Days Inn Worldwide, Inc. v. Sai Baba, Inc.

300 F. Supp. 2d 583, 2004 U.S. Dist. LEXIS 887, 2004 WL 117064
CourtDistrict Court, N.D. Ohio
DecidedJanuary 26, 2004
Docket3:03CV7148
StatusPublished
Cited by6 cases

This text of 300 F. Supp. 2d 583 (Days Inn Worldwide, Inc. v. Sai Baba, Inc.) is published on Counsel Stack Legal Research, covering District Court, N.D. Ohio primary law. Counsel Stack provides free access to over 12 million legal documents including statutes, case law, regulations, and constitutions.

Bluebook
Days Inn Worldwide, Inc. v. Sai Baba, Inc., 300 F. Supp. 2d 583, 2004 U.S. Dist. LEXIS 887, 2004 WL 117064 (N.D. Ohio 2004).

Opinion

ORDER

CARR, District Judge.

This is a contract case in which plaintiff Days Inn Worldwide, Inc. (“Days Inn”) accuses defendants Sai Baba, Inc. (“Sai Baba”), Anil Megha, and Rakesh Megha of failing to meet their contractual obligations under a franchise license agreement. Defendants have filed six counterclaims against plaintiff, alleging that it acted improperly during the course of their contractual relationship. This court has jurisdiction pursuant to 28 U.S.C. § 1332.
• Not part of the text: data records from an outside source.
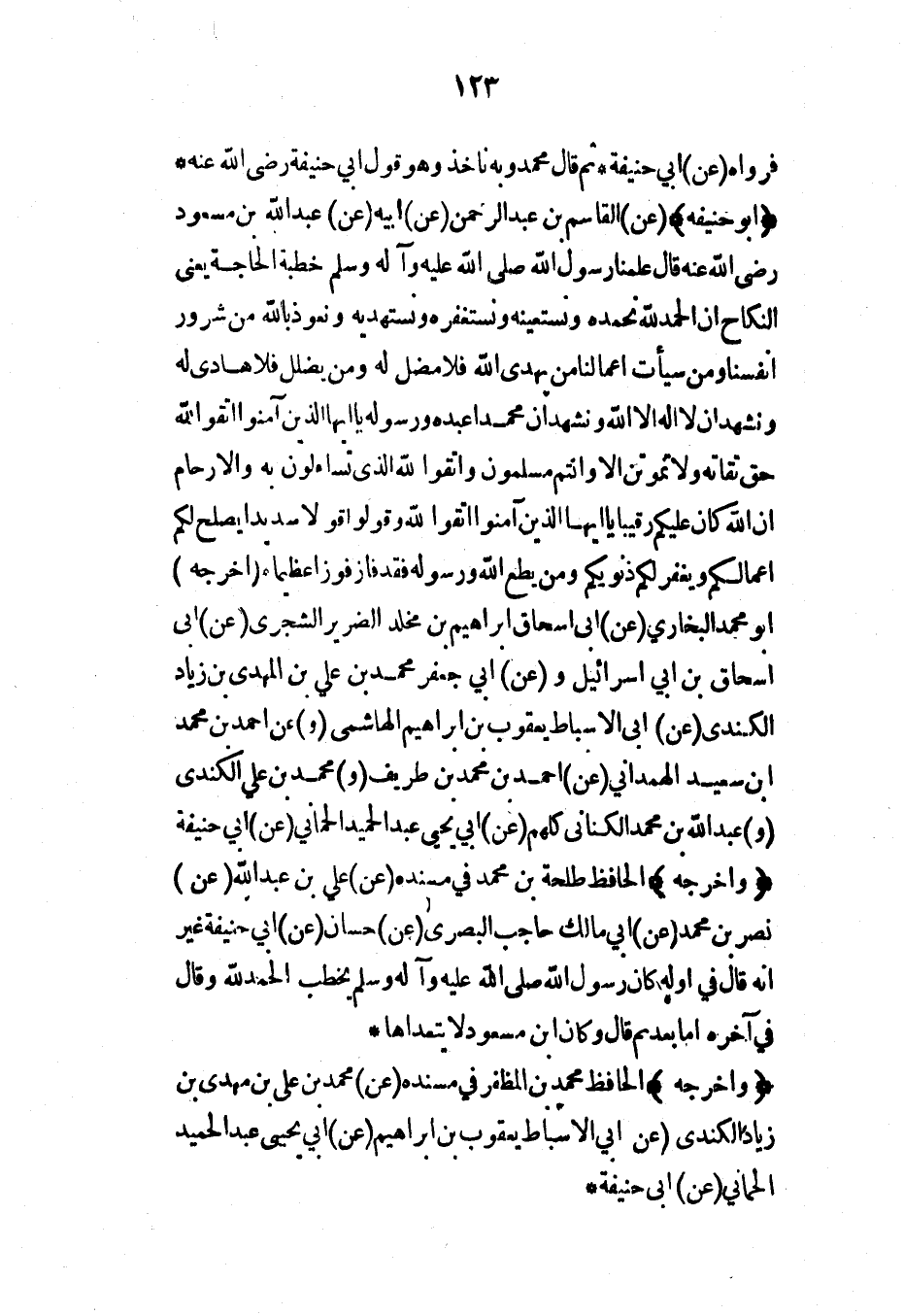 (أبو حنيفة) (عن) القاسم بن عبد الرحمن (عن) أبيه (عن) عبد الله بن مسعود رضي الله عنه قال علمنا رسول الله صلى الله عليه وآله وسلم خطبة الحاجة يعني النكاح إن الحمد لله نحمده ونستعينه ونستغفره ونستهديه ونعوذ بالله من شرور أنفسنا ومن سيئات أعمالنا من يهدي الله فلا مضل له ومن يضلل فلا هادي له ونشهد أن لا إله إلا الله ونشهد أن محمداً عبده ورسوله يا أيها الذين آمنوا اتقوا الله حق تقاته ولا تموتن إلا وأنتم مسلمون يا أيها الناس اتقوا ربكم الذي خلقكم من نفس واحدة وخلق منها زوجها وبث منهما رجالا كثيرا ونساء واتقوا الله الذي تساءلون به والأرحام إن الله كان عليكم رقيباً يا أيها الذين آمنوا اتقوا الله وقولوا قولاً سديداً يصلح لكم أعمالكم ويغفر لكم ذنوبكم ومن يطع الله ورسوله فقد فاز فوزاً عظيماً* (أخرجه) أبو محمد البخاري (عن) أبي إسحاق إبراهيم بن مخلد الضرير الشجري (عن) أبي إسحاق بن أبي إسرائيل و (عن) أبي جعفر محمد بن علي بن المهدي بن زياد الكندي (عن) أبي الأسباط يعقوب بن إبراهيم الهاشمي (و) عن أحمد بن محمد ابن سعيد الهمداني (عن) أحمد بن محمد بن طريف (و) محمد بن علي الكندي (و) عبد الله بن محمد الكناني كلهم (عن) أبي يحيى عبد الحميد الحماني (عن) أبي حنيفة (وأخرجه) الحافظ طلحة بن محمد في مسنده (عن) علي بن عبد الله (عن) نصر بن محمد (عن) أبي مالك حاجب البصري (عن) حسان (عن) أبي حنيفة غير أنه قال في أوله كان رسول الله صلى الله عليه وآله وسلم يخطب الحمد لله وقال في آخره أما بعد ثم قال وكان ابن مسعود لا يتعداها*
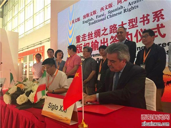 这次国际书博会主宾国伊朗文化宣传大使何飞(伊朗籍)先生,墨西哥西格拉出版社总经理卡斯特罗先生,著名文化学者、国内首位丝路文化宣传大使肖云儒先生,陕西卫视《丝路万里行》节目组代表靳宝强先生等出席了签约仪式。
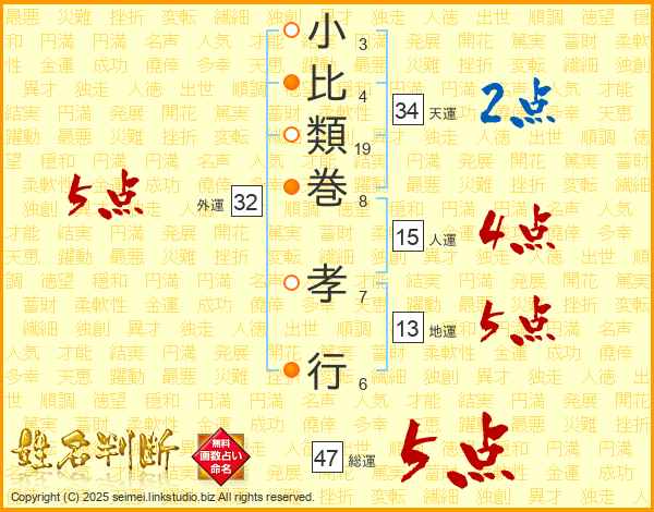 小(3画)比(4画)類(19画)巻(8画) 孝(7画)行(6画)
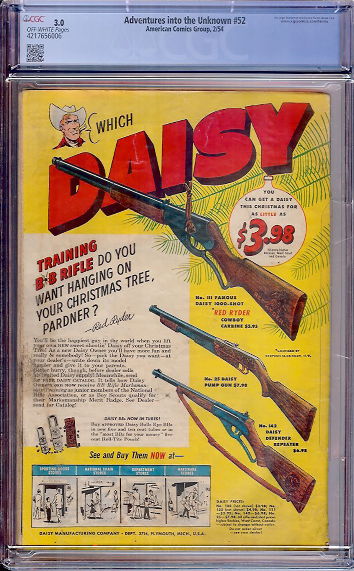Adventures into the Unknown #52 CGC G/VG 3.0 Off-White
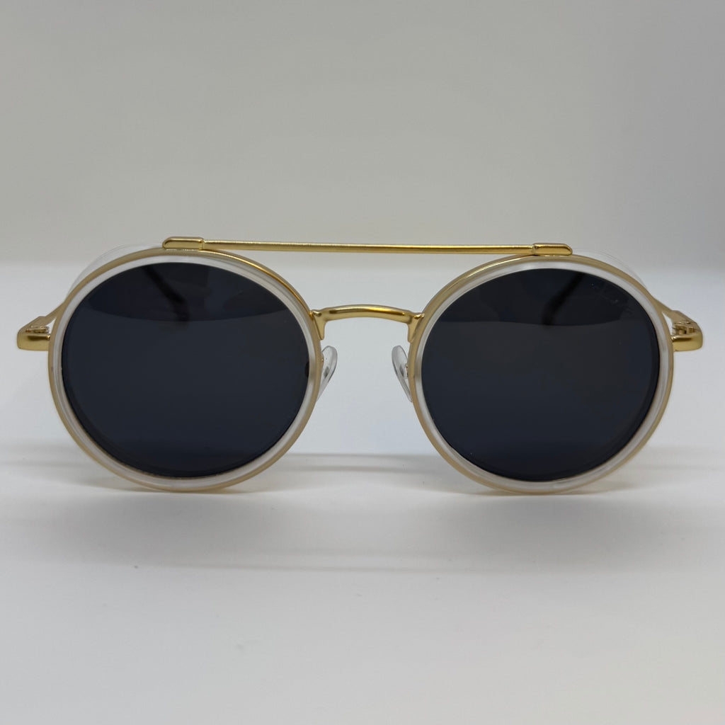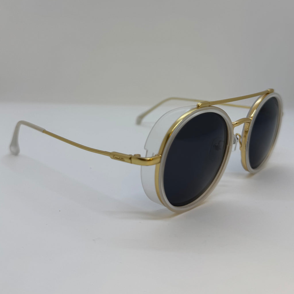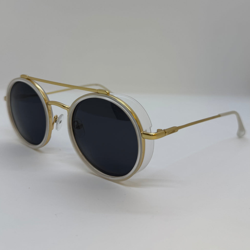 Óculos com hastes douradas, frente em acetato gelo fosco e lente preta.
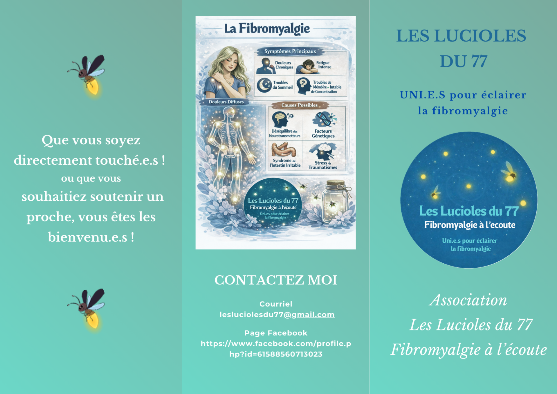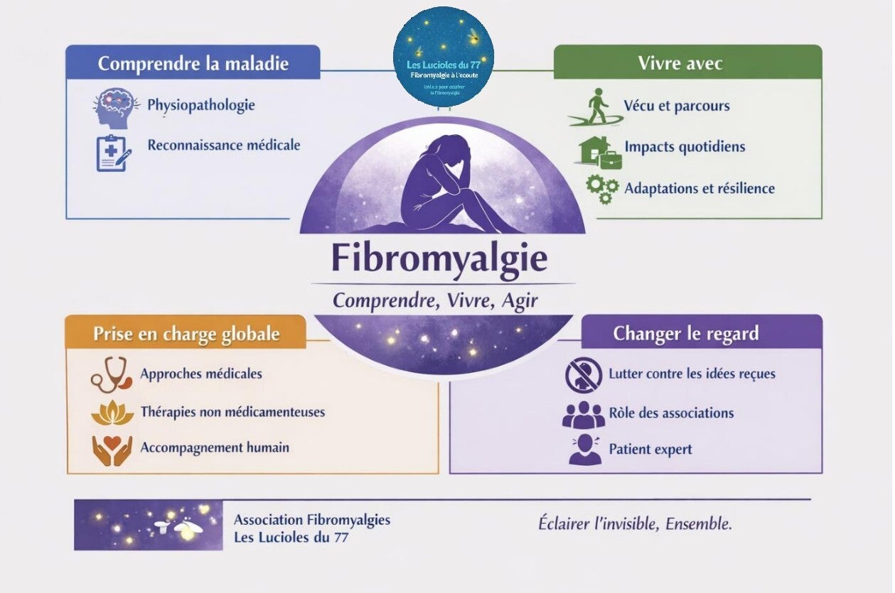"Grâce aux Lucioles du 77, j'ai retrouvé une écoute précieuse et des outils concrets pour mieux vivre ma fibromyalgie. Je me sens moins seule et pleine d'espoir."

Pending is plaintifficounterclaim defendant Days Inn’s Fed.R.Civ.P. 12(b)(6) motion to dismiss the counterclaims. For the following reasons, that motion will be granted in part and denied in part.

BACKGROUND

Defendants Anil and Rakesh Megha are residents of Indiana and owners of defendant Sai Baba, Inc., an Ohio corporation. Until late 2002, defendants operated a hotel in Van Wert, Ohio pursuant to a franchise agreement with plaintiff. Plaintiff Days Inn is a large national hotel franchisor, and is a Delaware corporation with its principal place of business in New Jersey.

Defendants operated the Van Wert Days Inn hotel for approximately ten years before expiration of their first license agreement in 1999. The parties executed a second license agreement on June 23, 1999. 1 *587 Defendants continued to operate their hotel as a Days Inn hotel until late 2002, when plaintiff terminated the license agreement and filed the instant suit for damages. Plaintiff claims that it terminated the agreement because defendants’ hotel repeatedly failed to meet minimum quality assurance standards as required in the license agreement.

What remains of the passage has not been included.